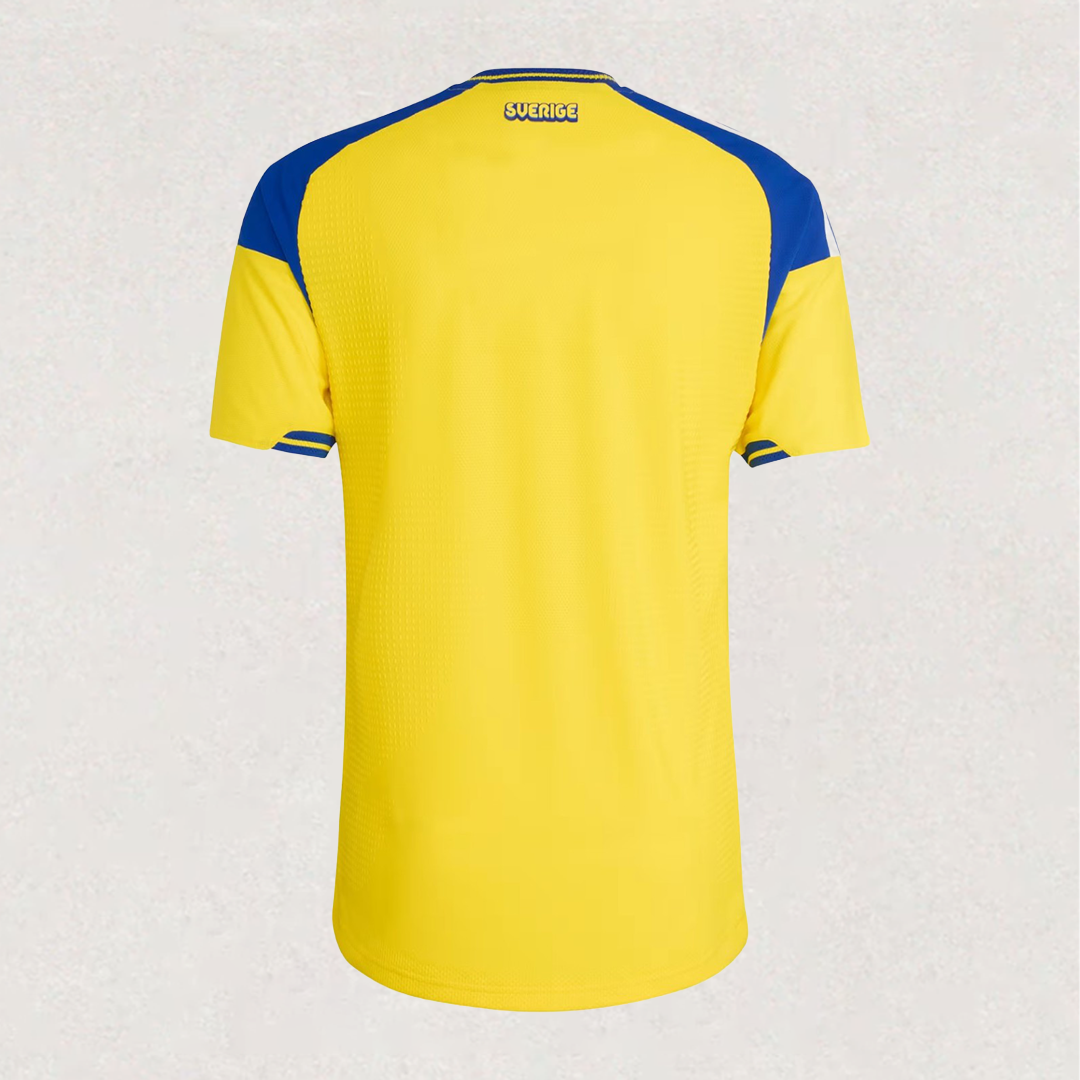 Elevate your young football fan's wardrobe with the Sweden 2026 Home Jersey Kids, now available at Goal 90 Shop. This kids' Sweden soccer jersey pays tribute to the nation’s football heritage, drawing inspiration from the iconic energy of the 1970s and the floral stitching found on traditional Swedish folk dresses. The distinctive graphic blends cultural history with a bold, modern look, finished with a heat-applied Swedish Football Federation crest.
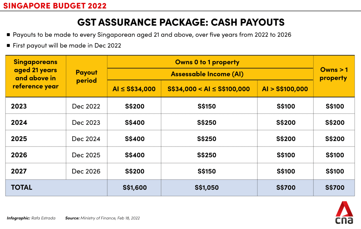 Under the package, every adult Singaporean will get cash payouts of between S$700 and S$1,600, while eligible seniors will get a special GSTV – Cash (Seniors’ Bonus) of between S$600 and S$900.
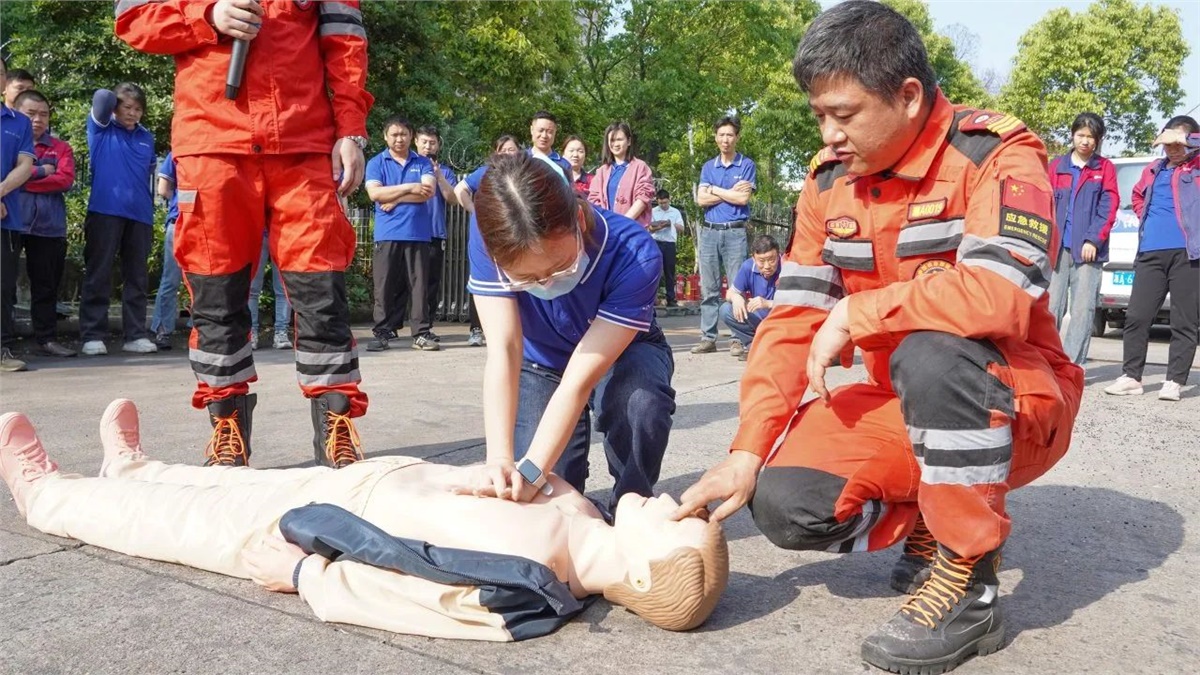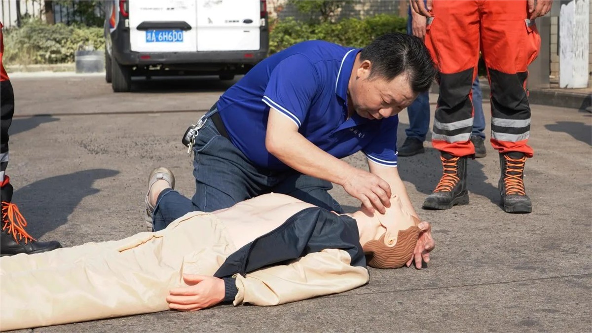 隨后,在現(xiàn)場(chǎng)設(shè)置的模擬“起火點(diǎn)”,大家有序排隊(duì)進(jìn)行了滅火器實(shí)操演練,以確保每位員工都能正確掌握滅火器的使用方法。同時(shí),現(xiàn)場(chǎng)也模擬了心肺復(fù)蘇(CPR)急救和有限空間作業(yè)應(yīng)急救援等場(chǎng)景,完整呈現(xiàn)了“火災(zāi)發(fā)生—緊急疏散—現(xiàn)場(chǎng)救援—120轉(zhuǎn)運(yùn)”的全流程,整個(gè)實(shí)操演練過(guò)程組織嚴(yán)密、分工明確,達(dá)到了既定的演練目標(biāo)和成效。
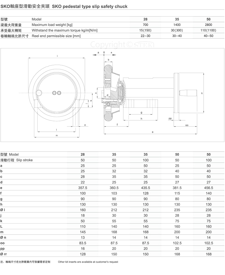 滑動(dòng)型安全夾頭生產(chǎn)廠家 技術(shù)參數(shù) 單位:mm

- PROBLEM TO SOLVE:
Write out the data precisely as given, excluding the pictures.

- TASK RESULT:
 Elevate your young football fan's wardrobe with the Sweden 2026 Home Jersey Kids, now available at Goal 90 Shop. This kids' Sweden soccer jersey pays tribute to the nation’s football heritage, drawing inspiration from the iconic energy of the 1970s and the floral stitching found on traditional Swedish folk dresses. The distinctive graphic blends cultural history with a bold, modern look, finished with a heat-applied Swedish Football Federation crest.
 Under the package, every adult Singaporean will get cash payouts of between S$700 and S$1,600, while eligible seniors will get a special GSTV – Cash (Seniors’ Bonus) of between S$600 and S$900.
 隨后,在現(xiàn)場(chǎng)設(shè)置的模擬“起火點(diǎn)”,大家有序排隊(duì)進(jìn)行了滅火器實(shí)操演練,以確保每位員工都能正確掌握滅火器的使用方法。同時(shí),現(xiàn)場(chǎng)也模擬了心肺復(fù)蘇(CPR)急救和有限空間作業(yè)應(yīng)急救援等場(chǎng)景,完整呈現(xiàn)了“火災(zāi)發(fā)生—緊急疏散—現(xiàn)場(chǎng)救援—120轉(zhuǎn)運(yùn)”的全流程,整個(gè)實(shí)操演練過(guò)程組織嚴(yán)密、分工明確,達(dá)到了既定的演練目標(biāo)和成效。
 滑動(dòng)型安全夾頭生產(chǎn)廠家 技術(shù)參數(shù) 單位:mm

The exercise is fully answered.